= WHAT IS REQUIRED =
Each line below must be set down exactly; omit any image you find.

= SOURCE MATERIAL =
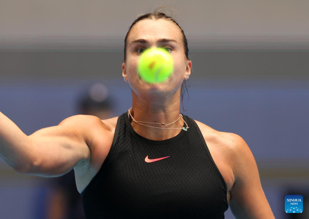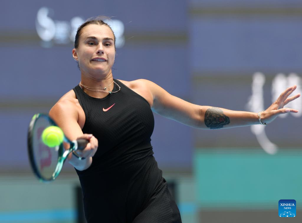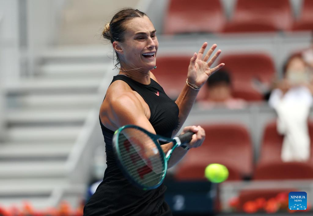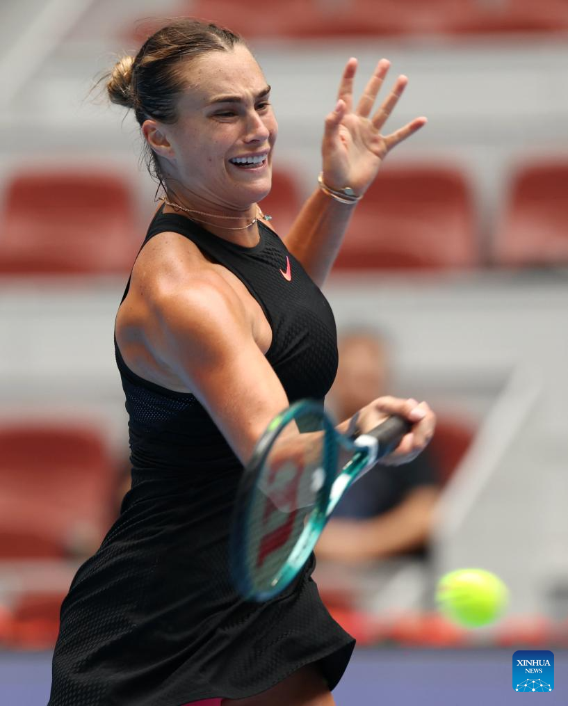 Aryna Sabalenka of Belarus returns a shot during the women's singles second round match between Aryna Sabalenka of Belarus and Mananchaya Sawangkaew of Thailand at 2024 China Open tennis tournament in Beijing, capital of China, Sept. 28, 2024. (Xinhua/Zhang Chenlin)
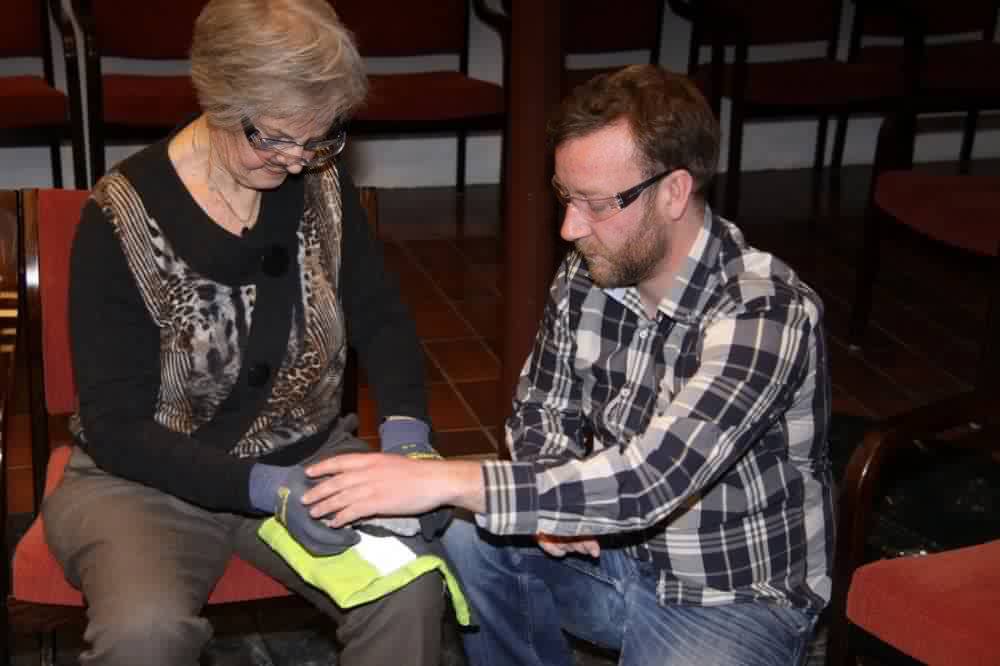 | Deltakerene fikk også anledning til å prøve oss som steinalderfolk med å slå flint. På bildet ser vi Kirsten Noddland prøve seg - er det en pilspiss hun slår mon tro. |
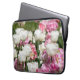 The sleeve is made of nice feeling material and seems very durable. I'm not sure how easy it'll be to clean, but the construction seems sound and the fabric is quick thick. I also like the double zipper. The printing is lovely and appears durable. The white on black contrast is nice, and the design very elegant.

= RESULT OF THIS TASK =
 Aryna Sabalenka of Belarus returns a shot during the women's singles second round match between Aryna Sabalenka of Belarus and Mananchaya Sawangkaew of Thailand at 2024 China Open tennis tournament in Beijing, capital of China, Sept. 28, 2024. (Xinhua/Zhang Chenlin)
 | Deltakerene fikk også anledning til å prøve oss som steinalderfolk med å slå flint. På bildet ser vi Kirsten Noddland prøve seg - er det en pilspiss hun slår mon tro. |
 The sleeve is made of nice feeling material and seems very durable. I'm not sure how easy it'll be to clean, but the construction seems sound and the fabric is quick thick. I also like the double zipper. The printing is lovely and appears durable. The white on black contrast is nice, and the design very elegant.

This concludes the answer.